Hammond’s career coincides with the emergence of the power electronics market. This market was miniscule until several years after the thyristor or silicon-controlled rectifier (SCR) was invented in 1957 by GE, because the initial voltage and current ratings were too small. The thyristor followed a path similar to the transistor, which was invented in 1947, but did not mature enough for wide application for several years.

Hammond received his MSEE from Cleveland’s Case Institute of Technology in 1966, about the time the thyristor matured enough to build a drive that could handle 100 hp. After graduating, he worked for several small companies designing ac drives. 




PeteHammond Head shot


Peter Hammond, 

father of the Perfect Harmony topology

“In 1977, I joined a company called Robicon, now part of Siemens," says Hammond. "Back then, we made ‘me-too,’ low-voltage drives, at 600 Vac or less, using thyristors. Our competitors were making similar drives. Everyone knew there was a big market if we could get beyond the low-voltage range into the medium-voltage range—4,160 Vac, for example—with power in the thousands, not the hundreds, of horsepower. We were looking for ways to scale up our existing low-voltage circuits, but there were lots of drawbacks."

One drawback: “If the semiconductors in a typical low-voltage circuit have the highest voltage ratings available, it’s still not possible to achieve 4,160 Vac,” says Hammond. "A second drawback is that, as you go up in horsepower, the power quality becomes more critical," he says. "Just scaling up the existing circuits doesn't give you any improvements in power quality."

Hammond was looking at ways to connect semiconductor devices in series for higher voltages, but that was very difficult, because the series devices needed to turn on and off at exactly the same moment. If one device turned off too soon, the other device would need to support the entire voltage and would fail.

Birth of the Perfect Harmony drive

Over a weekend in 1993 Hammond had an idea for a new approach for medium-voltage drives. "Mulling over the difficulty of connecting switching devices in series, it suddenly dawned on me that it would be easy to put complete converters in series, and that there would be many collateral benefits." says Hammond.

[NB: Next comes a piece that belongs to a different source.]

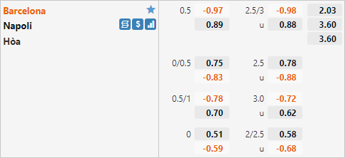 Cơ sở: Mức chấp 1/2 của Barcelona trận này là mức chấp rất thấp so với lần đối đầu tương tự gần nhất của hai đội tại Champions League diễn ra năm 2020, ở trận đấu đó Barca có mức chấp tới 1 hoà và dễ dàng vượt kèo với chiến thắng 3-1. Việc điểm ăn của Napoli liên tiếp giảm kể từ khi tỷ lệ được công khai trên sàn giao dịch cũng là một điểm trừ cho đội chủ nhà. Trong khi đó Napoli đang có thành tích rất tốt trên sân khách với 4 trận thắng kèo liên tiếp.
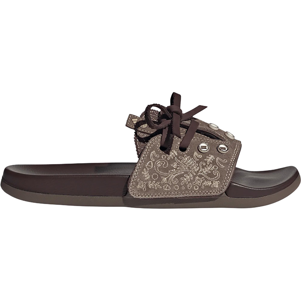 Der adidas Adilette Comfort Slide in Zusammenarbeit mit Bayern München, Modell JS4597, ist eine stilvolle Neuinterpretation des klassischen Adilette-Designs und wurde speziell für die Wiesn-Saison 2025 entworfen. Der Schuh verbindet sportlichen Komfort mit traditionellem bayerischen Flair und richtet sich an jeden Fan des FC Bayern München. Das Obermaterial besteht aus hochwertigem Leder in den Farben Earstr, Warsan und Shabrn, wodurch der Schuh elegant und zugleich rustikal wirkt. Ein dekorativer Riegel auf dem Riemen, verziert mit Schnürsenkeln und Knöpfen, ist inspiriert von den traditionellen Lederhosen, die beim Oktoberfest getragen werden, und das ikonische Bayern München-Logo unterstreicht die Verbundenheit zum Verein. Die Adilette Comfort Slide überzeugt nicht nur optisch, sondern auch durch hohen Tragekomfort: das konturierte Fußbett sorgt für eine angenehme Passform, während die synthetische Außensohle für Rutschfestigkeit und Langlebigkeit sorgt. Ob beim Besuch des Oktoberfests, beim Entspannen zu Hause oder beim Anfeuern des FC Bayern, dieser Schuh vereint Tradition mit modernem Design und ist ein echtes Highlight für jeden Fan.

Also read: The father of the PLC explains its birth 

His disclosure memo to managers outlined the benefits, including low harmonics, absence of torque pulsations, quiet operation, near unity power factor, and reduced stress on the motor (Figure 1). “These benefits would allow a medium-voltage drive to be installed without a special motor, without worrying about torsional resonance and without worrying about harmonic distortion. Management approved the project, and we had a prototype drive running in about a year."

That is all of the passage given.